Time series of extra-urban road networks

Before we could construct the road networks for the different time-steps, we had to reconstruct historical roads. This was a challenge, as there are very few complete and freely available global road datasets39, let alone time series of such datasets. Due to this data shortage, the time series of extra-urban roads consisted of two time-steps (i.e. ≤1990 and ≥2000). For the years 2000 and 2015, we used the GRIP4 global road dataset39, which is one of the most complete and harmonised global road datasets publicly available. For the years 1975 and 1990, we approximated the historical road networks by combining the roads in the GRIP4 dataset39 with those in the Vmap0 dataset predating 199740.

More specifically, to reconstruct the roads for 1975 and 1990, we downgraded (i.e. change a road to a lower category) the road type of GRIP4 roads that were either absent or had a lower category in the Vmap0 dataset40. Highways and primary roads in GRIP4 that were either not present or not classified as such in Vmap0, were downgraded to, respectively, primary road, or secondary road. Secondary roads in GRIP4 were not further downgraded. As Vmap0 has a lower spatial accuracy than GRIP439, we buffered all Vmap0 roads with 1500 m. If 90% of the length of a GRIP4 road section was overlapping this buffered area, the road section was linked to its Vmap0 counterpart. This strategy of reconstructing historical roads was chosen for several reasons. First, there are strong regional differences in the completeness of the road mapping in Vmap0 and comparable datasets39. Removing all roads from GRIP4 that were missing in Vmap0 would thus result in a severe underrepresentation of the historical roads in certain regions. Second, several studies have found that many major roads were once created by upgrading lower class roads e.g.60,61 and, hence, a downgrading going back in time makes sense. Third, as we found that the road type was an important explanatory variable for AADT (see section “Quantile regression forest (QRF) model”), we argue that changing the road type was the best compromise between leaving the roads unchanged over time and completely removing roads. Despite these justifications, this approach of reconstructing historical roads is not ideal, due to spatial variability in the level of detail of the Vmap0 dataset39 as well as the differing spatial accuracies of the two datasets. Nevertheless, given the plausibility of the historical traffic volume maps and the satisfying results of the out-of-sample validation (see section “Technical validation”), we believe that the historical road reconstruction is of sufficient quality to be useful in further studies.

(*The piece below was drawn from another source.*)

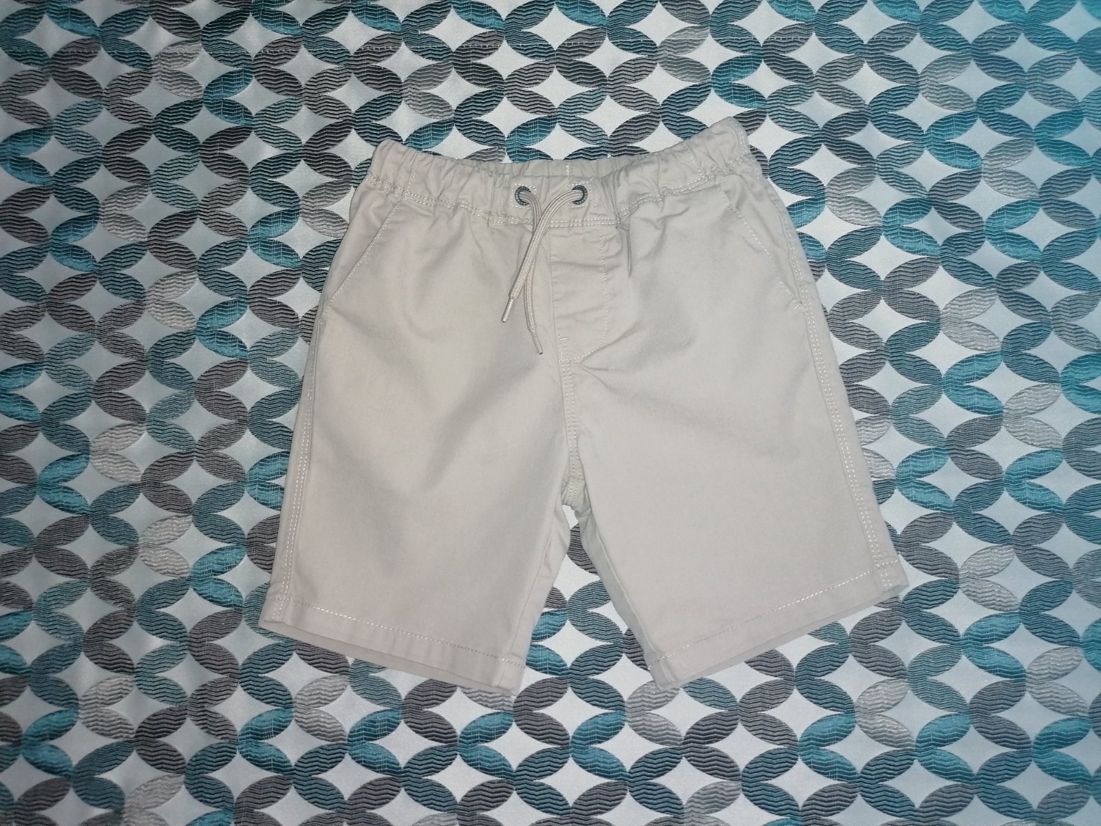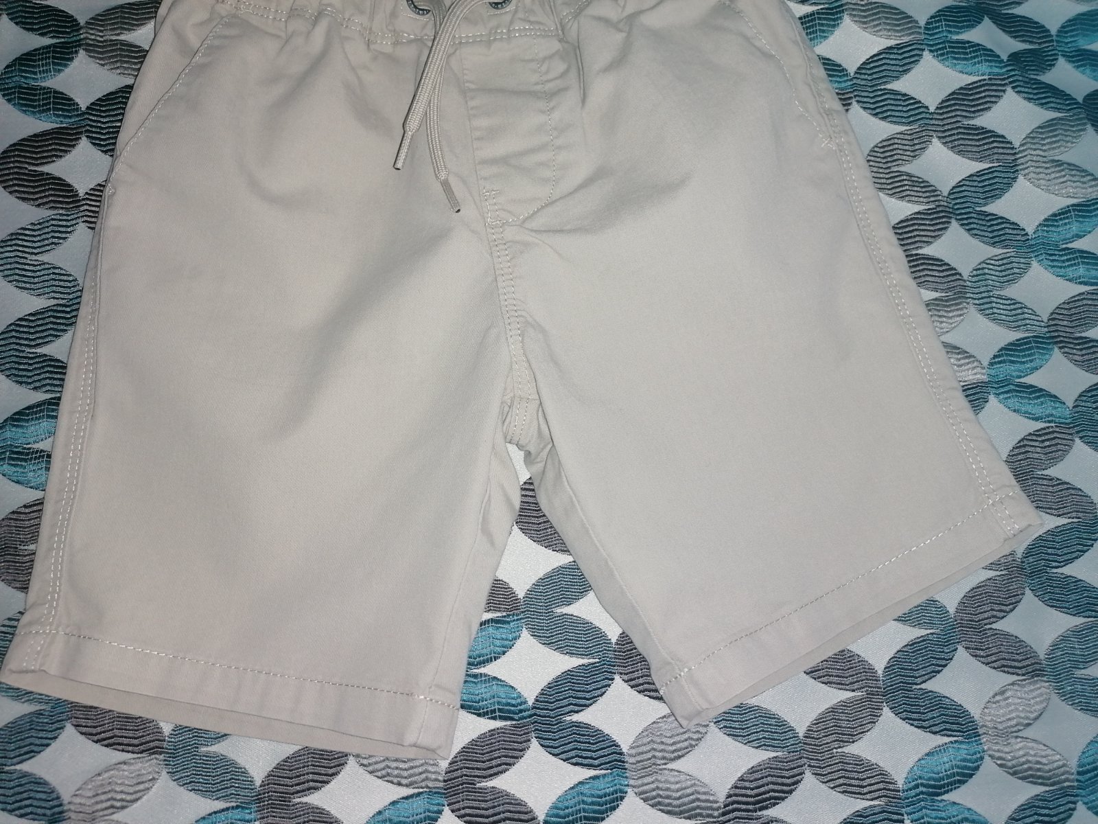 Kraťasy zn. Next veľ. 122, 100% bavlna, pás na gumu + šnúrky na stiahnutie, vpredu aj vzadu dve vrecká, farba béžová.

To obtain the extra-urban roads from the above road time series, we extracted all the primary roads, secondary roads and highways that were not within an urban area (see section “Time series of urban areas”; Fig. 1b). For each extra-urban road section, we estimated travel speeds. We set the speed limits on highways, primary roads, and secondary roads to 120, 100 and 80 km*h−1, respectively. As the effective speeds on roads are usually lower than the speed limits, we applied a transformation developed by Gao, et al.62: effective speed = 0.942*speed limit − 9.0618. This led to effective speeds of 104, 85 and 66 km*h−1 on highways, primary roads, and secondary roads, respectively. Combined with the length of a road section, the travel time along each road section was calculated in minutes. The minimum travel time on each road section was set to 1 minute to facilitate subsequent calculations. We did not consider changes in travel times over the years.

To determine the nodes in the extra-urban road network, we calculated all intersections between roads (i.e. road-road intersections) as well as intersections of roads with a boundary of an urban area (road-urban intersections; Fig. 1b). A road-road intersection was created wherever two roads intersected or where two road sections met. Intersecting roads that in reality are not a crossing (e.g. bridges and underpasses) were not considered, but it is anyway unknown how accurate they are represented in the GRIP4 dataset. All the road-urban intersections for a certain urban area obtained the same node-identifier and coordinates (i.e. the centroid of the urban area; Fig. 1b). As intra-urban roads were not included in the road network, the size of the entire road network was strongly reduced enabling efficient computations. An edge was added to the road network between any two nodes that were connected by a highway, primary road, or secondary road. The calculated travel times on each road section was added as attribute to the edges.

Our final 2015 road network consisted of 2 539 301 nodes (road-road and road-urban intersections) and 3 300 765 edges. According to our definition of extra-urban roads, we found that the GRIP4 dataset contained 7 250 674 km of extra-urban highways, primary roads, and secondary roads in 2015, which corresponds to 89.5% of the total length of these road types in GRIP4.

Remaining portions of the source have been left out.